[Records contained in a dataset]
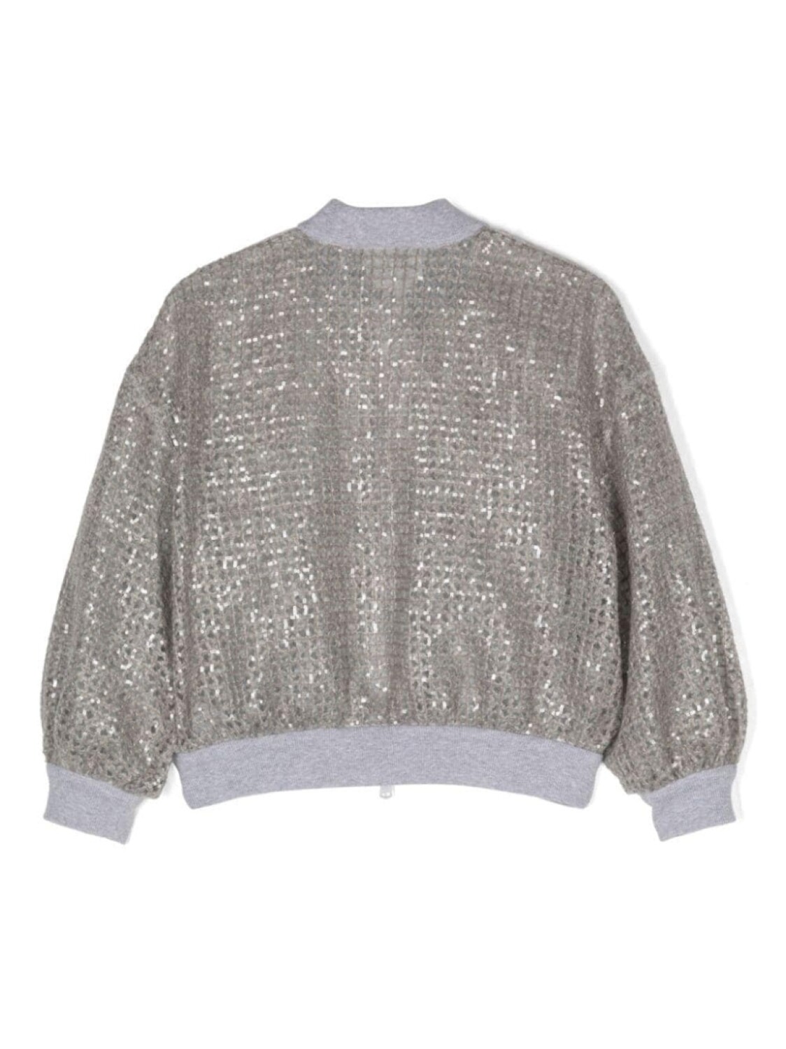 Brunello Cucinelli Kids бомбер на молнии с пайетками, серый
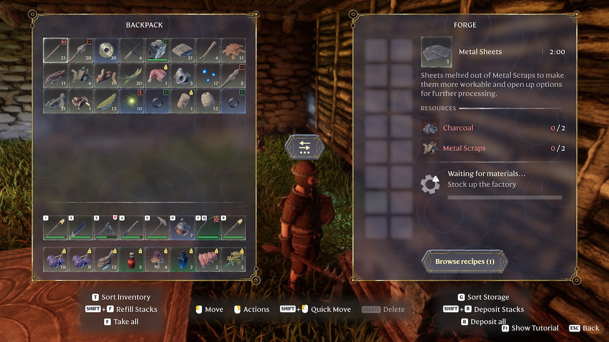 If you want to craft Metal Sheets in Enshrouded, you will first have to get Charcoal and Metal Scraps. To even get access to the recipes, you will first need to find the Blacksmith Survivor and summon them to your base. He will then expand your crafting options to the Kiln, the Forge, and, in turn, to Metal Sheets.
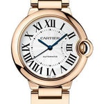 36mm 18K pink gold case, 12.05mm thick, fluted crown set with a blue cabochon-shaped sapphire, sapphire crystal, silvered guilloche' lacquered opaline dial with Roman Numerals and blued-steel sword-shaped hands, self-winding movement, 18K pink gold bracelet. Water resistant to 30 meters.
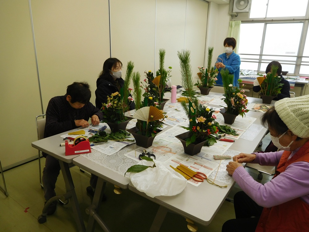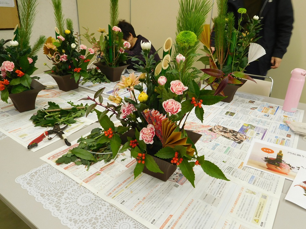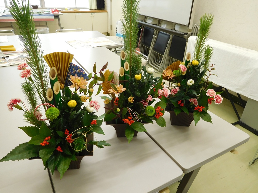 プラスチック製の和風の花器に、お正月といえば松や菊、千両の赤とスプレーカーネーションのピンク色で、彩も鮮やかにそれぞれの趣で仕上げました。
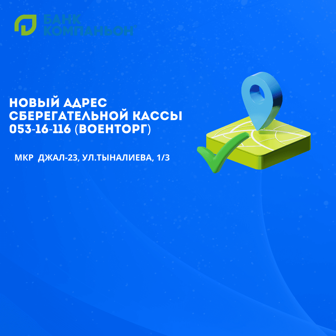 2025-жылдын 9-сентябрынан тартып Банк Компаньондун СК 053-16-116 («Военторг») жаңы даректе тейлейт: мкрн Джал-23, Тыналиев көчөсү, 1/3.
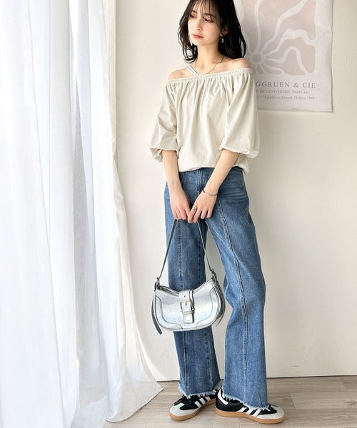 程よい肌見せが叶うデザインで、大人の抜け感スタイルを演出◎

- [Action item]
Omit the pictures, then give all the lines above again exactly.

- [Finished exercise]
 Brunello Cucinelli Kids бомбер на молнии с пайетками, серый
 If you want to craft Metal Sheets in Enshrouded, you will first have to get Charcoal and Metal Scraps. To even get access to the recipes, you will first need to find the Blacksmith Survivor and summon them to your base. He will then expand your crafting options to the Kiln, the Forge, and, in turn, to Metal Sheets.
 36mm 18K pink gold case, 12.05mm thick, fluted crown set with a blue cabochon-shaped sapphire, sapphire crystal, silvered guilloche' lacquered opaline dial with Roman Numerals and blued-steel sword-shaped hands, self-winding movement, 18K pink gold bracelet. Water resistant to 30 meters.
 プラスチック製の和風の花器に、お正月といえば松や菊、千両の赤とスプレーカーネーションのピンク色で、彩も鮮やかにそれぞれの趣で仕上げました。
 2025-жылдын 9-сентябрынан тартып Банк Компаньондун СК 053-16-116 («Военторг») жаңы даректе тейлейт: мкрн Джал-23, Тыналиев көчөсү, 1/3.
 程よい肌見せが叶うデザインで、大人の抜け感スタイルを演出◎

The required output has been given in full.